Wiedemann-Franz Law - Lorentz Number - definition

Qualitatively, this relationship is based upon the fact that the heat and electrical transport both involve the free electrons in the metal. The electrical conductivity decreases with particle velocity increases because the collisions divert the electrons from forward transport of charge. However, the thermal conductivity increases with the average particle velocity since that increases the forward transport of energy. The Wiedemann-Franz law is generally well obeyed at high temperatures. In the low and intermediate temperature regions, however, the law fails due to the inelastic scattering of the charge carriers.

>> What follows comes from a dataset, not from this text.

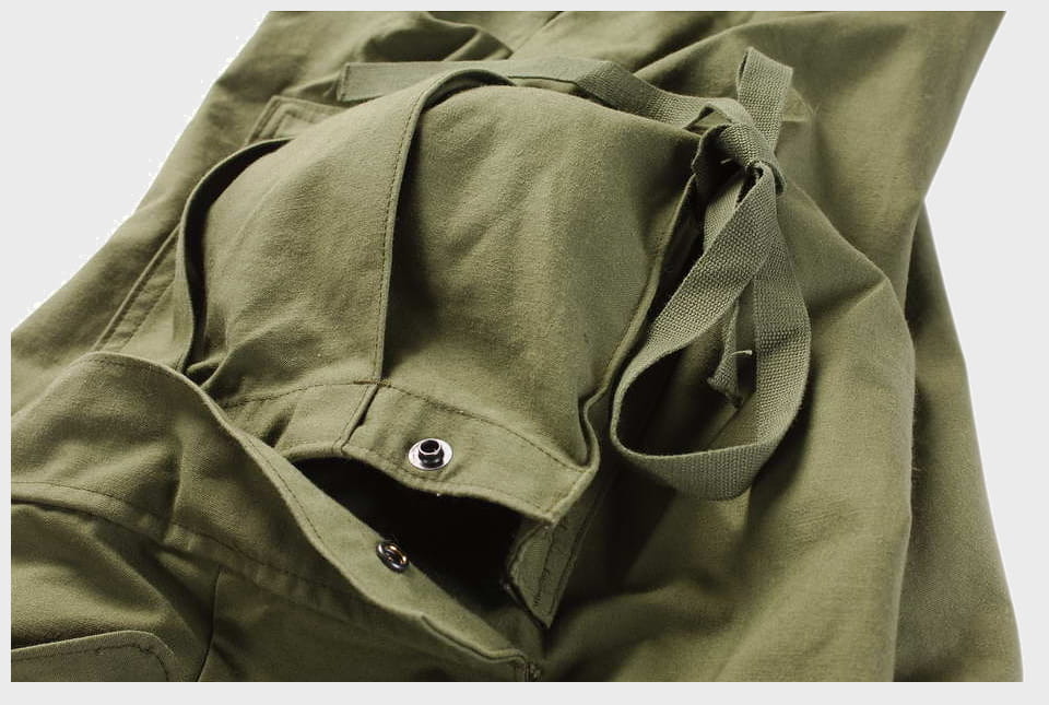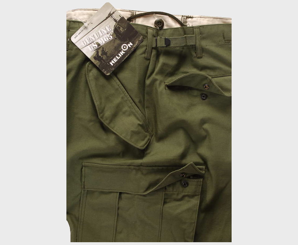 M65 wyposażono w 7 praktycznych kieszeni: dwie przednie, dwie tylne, dwie obszerne kieszenie cargo na nogawkach - wszystkie zapinane patkami z napami, oraz jedną kieszonkę ukrytą wewnątrz. Kieszenie udowe cargo posiadają troki umożliwiające montaż sprzętu.

It must be noted, the general correlation between electrical and thermal conductance does not hold for other materials, due to the increased importance of phonon carriers for heat in non-metals.

 
References:
Heat Transfer:
  1. Fundamentals of Heat and Mass Transfer, 7th Edition. Theodore L. Bergman, Adrienne S. Lavine, Frank P. Incropera. John Wiley & Sons, Incorporated, 2011. ISBN: 9781118137253.
  2. Heat and Mass Transfer. Yunus A. Cengel. McGraw-Hill Education, 2011. ISBN: 9780071077866.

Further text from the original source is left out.